Problem to work on - Using the data below, reproduce exactly the lines from the line with "This pendant is" to the line with "Moderner Besucherstuhl mit", both included; pictures must be dropped.

═════ Given material

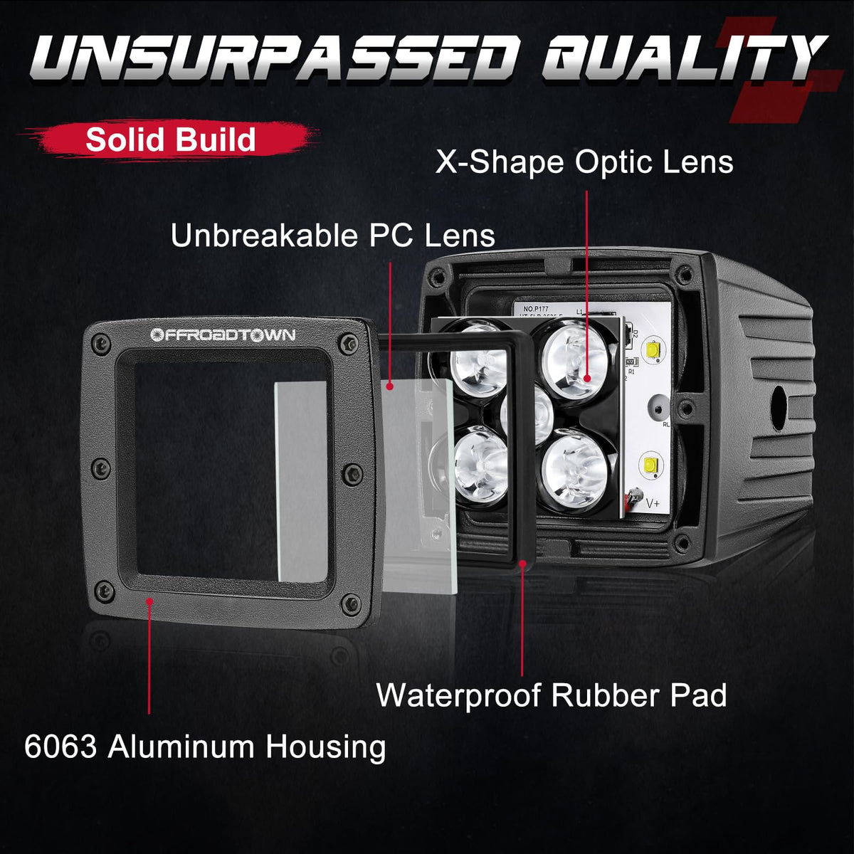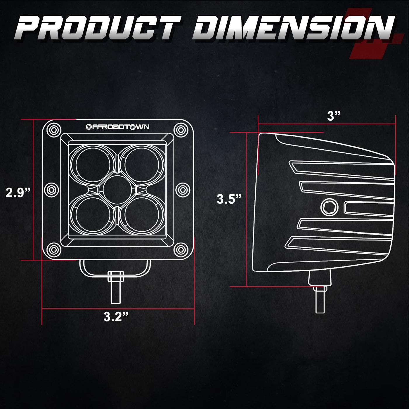 OFFROADTOWN 3 inch LED light pods adopting advanced ion crystal lens is hard to break. 6063 Aluminum Alloy housing lets it be used longer whose lifespan is up to 50,000 hours. As a compact fluorescent work light, it outputs brilliant light with 100W&10000LM but consumes little power.
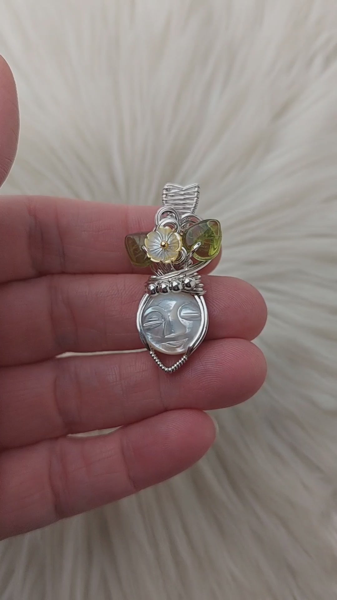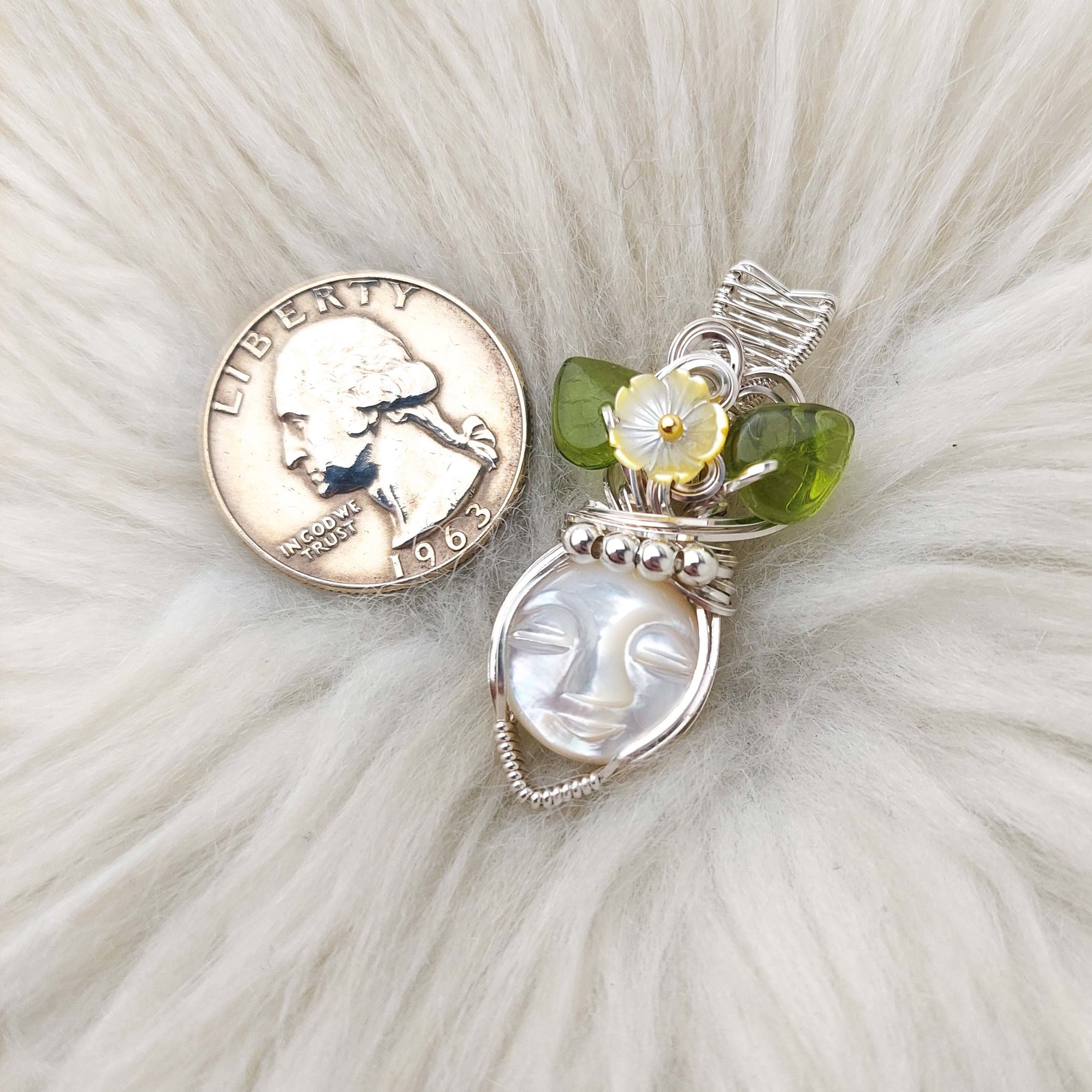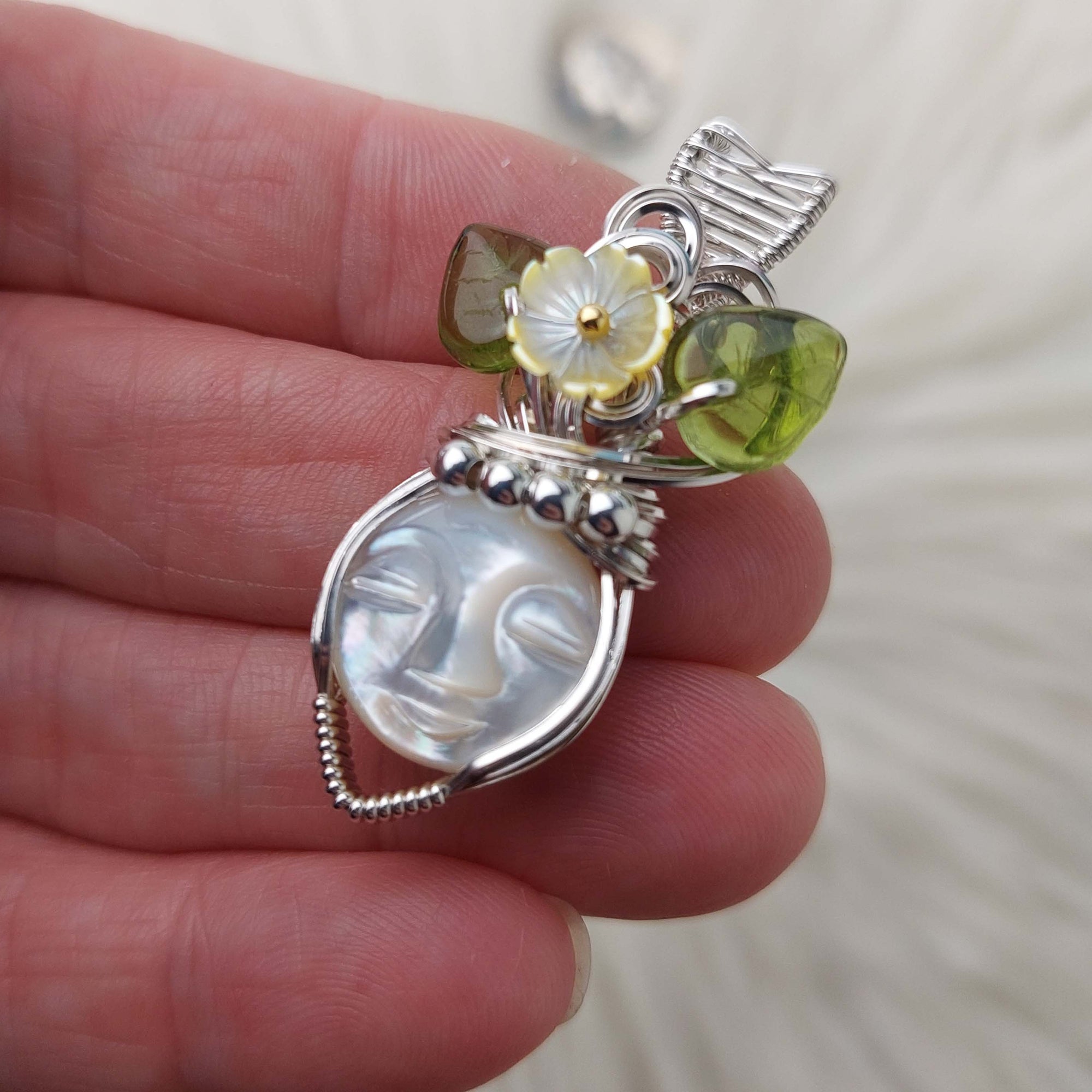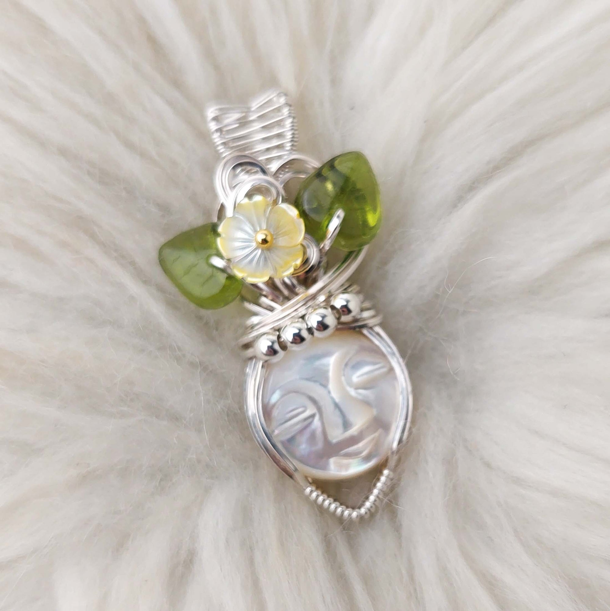 This pendant is really cute. The face is carved mother if pearl. The flowers are mother of pearl. The leaves are glass. It's set in solid sterling silver. It's only been polished.
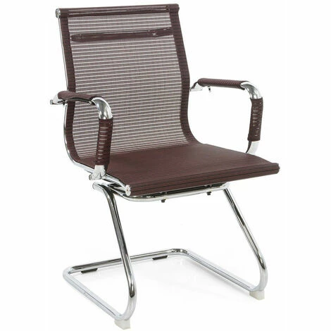 Moderner Besucherstuhl mit luftigem Textil-Netzbezug und verchromten Metallelementen. Sitzhöhe ca. 45 cm.
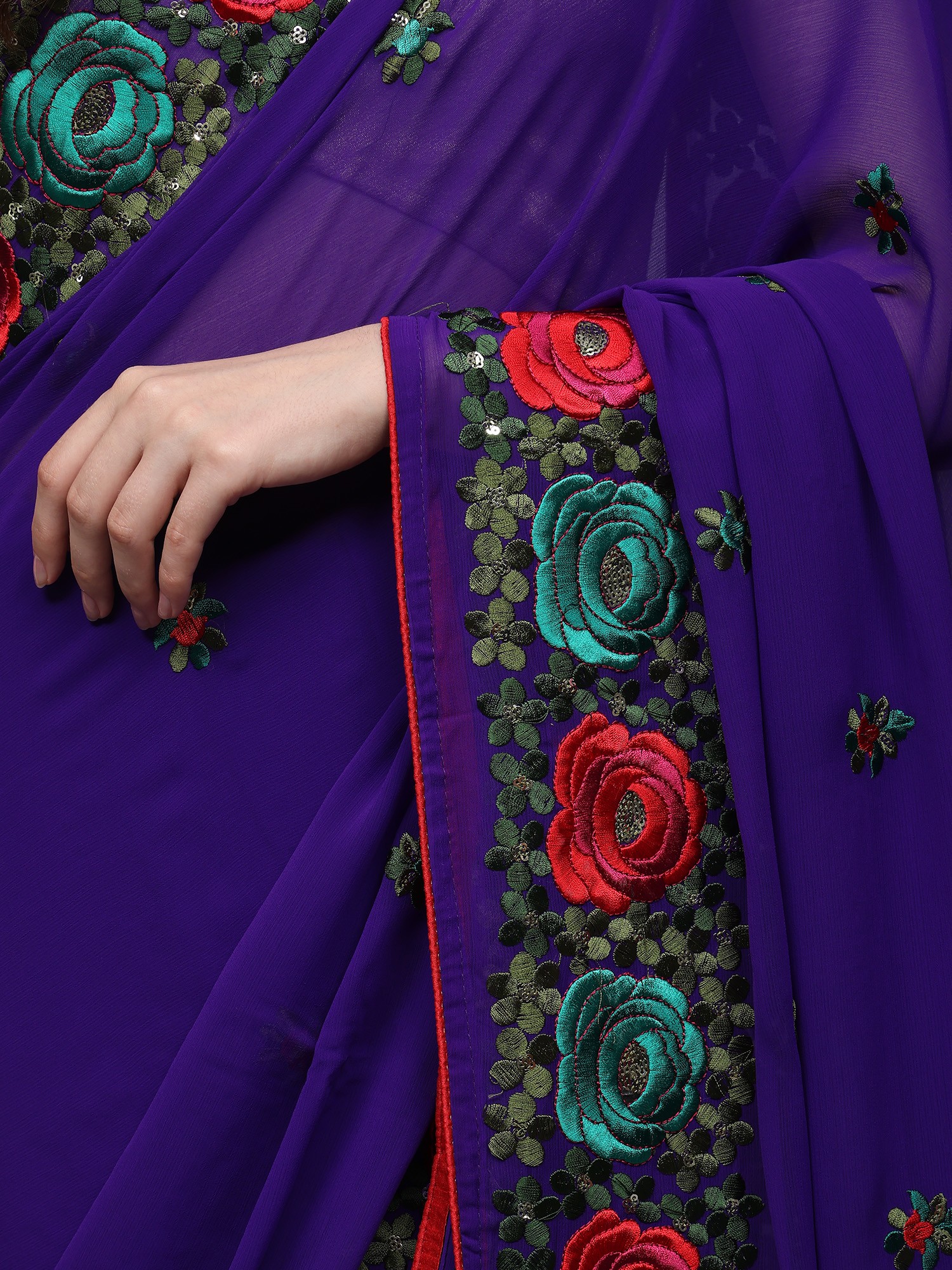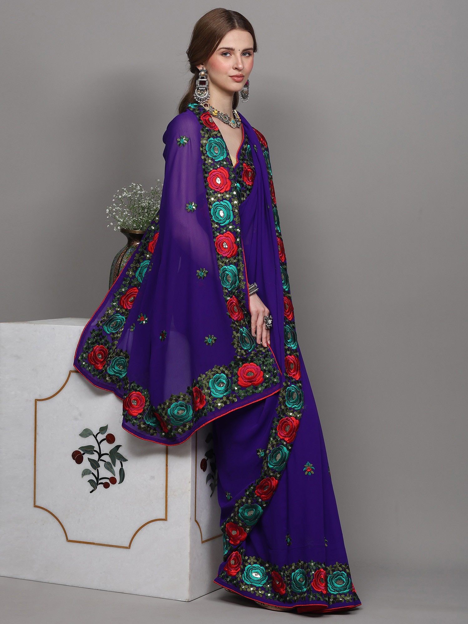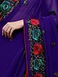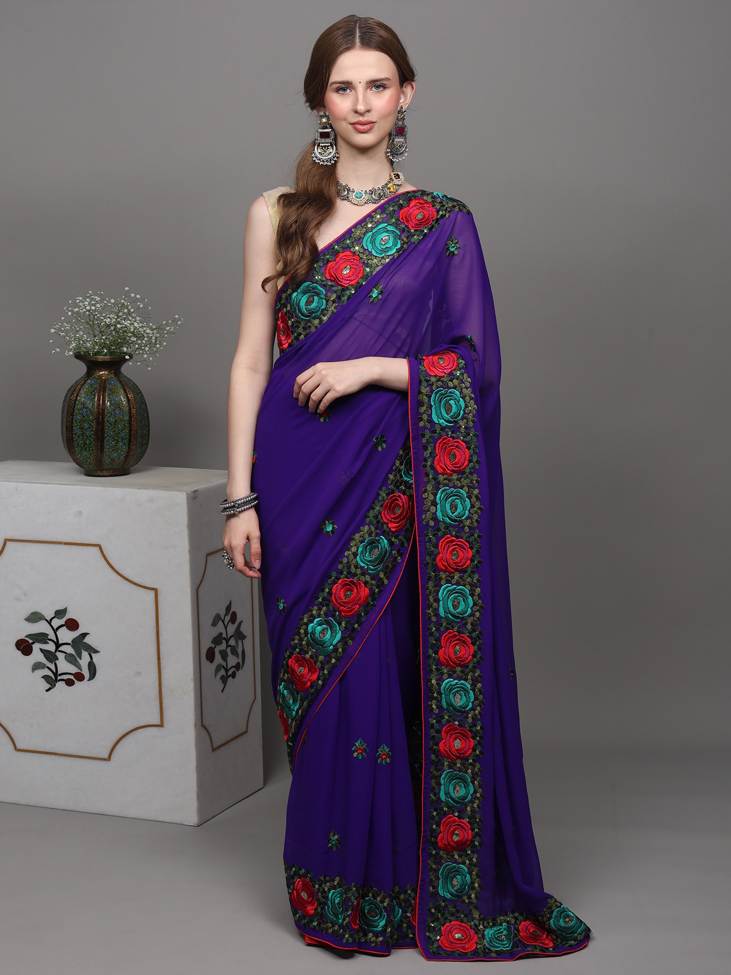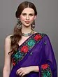 The Royal-Purple Sari with Parsi Embroidered Roses on the border is a graceful everyday wear choice. Crafted from lightweight georgette, it offers comfort and style for all occasions. The sari receives a delightful splash of colors with the large floral patterns intricately woven into its fabric. These Parsi embroidered roses add a touch of timeless charm and elegance to the drape. Whether it's a casual outing or a special day, this sari effortlessly blends fashion and tradition, creating a lovely and versatile option for all days. Embrace the beauty of this royal-purple sari and make every day a celebration of grace and sophistication.

══════════

Written response -
 This pendant is really cute. The face is carved mother if pearl. The flowers are mother of pearl. The leaves are glass. It's set in solid sterling silver. It's only been polished.
 Moderner Besucherstuhl mit luftigem Textil-Netzbezug und verchromten Metallelementen. Sitzhöhe ca. 45 cm.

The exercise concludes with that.